Other than the famous late-night shows, WLAC followed a fairly conventional news/features course in the daytime until the early 1970s, when new management attempted to program a standard-issue consulted Top 40 format, competing against ratings leader WMAK (now defunct) for the Nashville-area teenage audience. This move in particular is believed to have prompted Richbourg and Nobles to retire, as they had no interest in conforming to a predetermined, pop-oriented playlist.

In addition to this, most markets in WLAC's night-time coverage area now had African-American-oriented stations of their own, most of which attracted the demographic groups that formerly listened to Allen, Richbourg, and Nobles' shows as their only source for R&B and soul music. Furthermore, musical tastes among younger listeners in particular changed in divergent directions as the 1970s approached, as Euro-American youth began to prefer the hard rock that initially modeled itself on the blues (especially on the upstart FM stations that began playing it), while African-American kids gravitated toward the grittier edges of funk or early disco and, eventually, rap. This made the Motown, Muscle Shoals, and Memphis sounds favored by the DJ trio seem passe, and the hosts' audience, unsurprisingly, began to age, something almost always unattractive to radio station managers. Changing tastes also brought about an imminent demise to record labels such as Stax, which were major suppliers of music heard on the R&B/Soul shows.

The retirements, however, alienated many former listeners outside Nashville who no longer heard distinctive programming, and WLAC appeared to gain little Arbitron improvements from the remaining local audience, this despite nonstop promotional events staged throughout the Nashville area. Only Hoss Allen kept his program, which he converted sometime in the late 1970s or early 1980s to a black gospel format, by moving it to the overnight slot before morning drive-time; despite complying with management wishes (unlike Richbourg and Nobles), WLAC never promoted Allen's shows actively again.

[edit] News and talk since 1980

The station finally pulled the plug on its unsuccessful run as a Top 40 outlet and changed formats to news and talk in 1980, making it one of the first stations in the Southern U.S. to adopt that format exclusively.

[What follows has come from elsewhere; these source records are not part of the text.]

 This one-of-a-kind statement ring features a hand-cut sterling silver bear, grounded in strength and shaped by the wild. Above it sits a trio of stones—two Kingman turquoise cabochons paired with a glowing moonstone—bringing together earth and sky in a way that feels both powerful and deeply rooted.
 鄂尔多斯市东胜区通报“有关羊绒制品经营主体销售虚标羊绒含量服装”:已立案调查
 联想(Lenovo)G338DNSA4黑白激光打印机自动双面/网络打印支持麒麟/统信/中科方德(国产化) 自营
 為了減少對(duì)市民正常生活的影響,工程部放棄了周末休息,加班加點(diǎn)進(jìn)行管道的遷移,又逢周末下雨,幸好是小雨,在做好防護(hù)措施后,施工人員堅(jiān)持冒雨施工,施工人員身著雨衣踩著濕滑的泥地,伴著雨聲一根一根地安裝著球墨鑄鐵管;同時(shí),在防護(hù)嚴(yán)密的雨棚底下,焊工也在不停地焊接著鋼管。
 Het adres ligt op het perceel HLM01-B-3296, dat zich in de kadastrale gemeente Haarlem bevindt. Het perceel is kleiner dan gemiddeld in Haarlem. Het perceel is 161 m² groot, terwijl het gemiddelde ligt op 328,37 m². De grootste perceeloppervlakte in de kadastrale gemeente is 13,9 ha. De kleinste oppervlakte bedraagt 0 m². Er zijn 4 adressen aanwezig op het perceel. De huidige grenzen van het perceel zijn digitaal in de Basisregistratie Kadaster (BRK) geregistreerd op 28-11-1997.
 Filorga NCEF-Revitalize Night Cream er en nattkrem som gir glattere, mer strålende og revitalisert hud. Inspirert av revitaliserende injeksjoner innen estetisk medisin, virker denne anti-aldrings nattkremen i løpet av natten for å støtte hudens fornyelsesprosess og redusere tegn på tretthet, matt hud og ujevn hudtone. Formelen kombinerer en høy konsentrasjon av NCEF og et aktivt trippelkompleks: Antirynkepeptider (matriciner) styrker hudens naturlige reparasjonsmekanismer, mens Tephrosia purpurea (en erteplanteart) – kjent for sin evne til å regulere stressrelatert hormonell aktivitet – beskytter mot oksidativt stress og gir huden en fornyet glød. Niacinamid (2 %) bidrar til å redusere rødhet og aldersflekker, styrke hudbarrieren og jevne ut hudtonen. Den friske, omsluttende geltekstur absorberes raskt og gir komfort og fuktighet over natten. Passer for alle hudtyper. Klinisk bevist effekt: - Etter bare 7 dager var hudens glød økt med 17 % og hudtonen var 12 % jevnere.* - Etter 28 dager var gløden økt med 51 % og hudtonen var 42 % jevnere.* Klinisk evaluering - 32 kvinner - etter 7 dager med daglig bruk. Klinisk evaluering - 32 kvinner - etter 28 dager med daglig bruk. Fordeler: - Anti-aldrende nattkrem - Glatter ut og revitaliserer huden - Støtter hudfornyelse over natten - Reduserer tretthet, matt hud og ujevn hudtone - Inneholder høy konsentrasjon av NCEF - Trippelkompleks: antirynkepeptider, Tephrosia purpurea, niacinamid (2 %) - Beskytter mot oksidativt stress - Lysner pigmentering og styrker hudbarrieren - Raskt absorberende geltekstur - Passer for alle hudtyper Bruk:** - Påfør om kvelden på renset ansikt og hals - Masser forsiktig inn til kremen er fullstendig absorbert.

It continues to fill that niche of programming, and in 1986, WLAC pioneered the now-burgeoning format of sports talk in Middle Tennessee, when it began a two-hour-long afternoon drive-time sports talk show hosted by record company executive and sports fan Rick Baumgartner, along with former WSMV sportscaster Charlie McAlexander. Also, former WSM-AM, WSMV and WKRN personality Teddy Bart launched his critically-acclaimed "Roundtable" interview program on WLAC's morning schedule in 1985. The show, which featured newsmakers in Tennessee politics, later moved to several other Nashville stations before discontinuing production in 2005.

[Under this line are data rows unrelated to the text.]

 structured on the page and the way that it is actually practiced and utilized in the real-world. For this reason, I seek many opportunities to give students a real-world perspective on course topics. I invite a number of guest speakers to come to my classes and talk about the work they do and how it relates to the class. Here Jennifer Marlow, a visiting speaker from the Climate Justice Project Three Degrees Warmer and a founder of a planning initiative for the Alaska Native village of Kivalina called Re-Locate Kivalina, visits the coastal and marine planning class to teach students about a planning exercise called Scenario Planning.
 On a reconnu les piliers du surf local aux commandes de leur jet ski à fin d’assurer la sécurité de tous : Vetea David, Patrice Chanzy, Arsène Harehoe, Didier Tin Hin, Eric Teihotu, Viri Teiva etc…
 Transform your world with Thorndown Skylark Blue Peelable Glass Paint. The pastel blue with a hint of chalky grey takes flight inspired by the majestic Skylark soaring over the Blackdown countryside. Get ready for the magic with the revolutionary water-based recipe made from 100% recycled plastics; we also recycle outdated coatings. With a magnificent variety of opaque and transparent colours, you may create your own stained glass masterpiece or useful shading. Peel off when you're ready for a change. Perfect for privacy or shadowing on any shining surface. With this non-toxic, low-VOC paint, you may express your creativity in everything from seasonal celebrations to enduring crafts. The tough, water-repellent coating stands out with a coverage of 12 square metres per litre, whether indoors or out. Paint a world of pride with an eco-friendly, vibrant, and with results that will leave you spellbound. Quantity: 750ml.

Much in the same manner as in years past when network programming gave way at sunset to R&B music for a different audience, for many years after WLAC changed to news and talk, the station abruptly switched, at 8 p.m. Central Time (when the clear-channel signal settled into place) to an all-religion format. The nighttime line-up included mostly paid broadcasts of many evangelical, fundamentalist, and Pentecostal preachers, with the news/talk format resuming at daybreak (after the Hoss Allen show). This practice was discontinued shortly after the station's purchase by Clear Channel Communications.

[edit] Currently

WLAC is now the Nashville home for popular conservative talkers such as Glenn Beck, Rush Limbaugh, and Sean Hannity. Also heard are Coast to Coast AM and University of Tennessee athletics. WLAC's main competitor is WWTN, an FM talk radio station. The station is an affiliate of Fox News Radio.

[edit] Schedule

[edit] Miscellanea

The WLAC callsign once also applied to a Nashville FM station (105.9, now WNRQ) and TV station (Channel 5, now WTVF). They, along with the AM station, were once owned by the Life and Casualty Insurance Company of Tennessee (hence the callsign, also sometimes said to stand for We Love All Christians). The FM station is now owned by Clear Channel, and remains a sister station to WLAC. The TV station left the family in 1975, when it was sold to the Hobby family of Houston (it is now owned by Landmark Communications).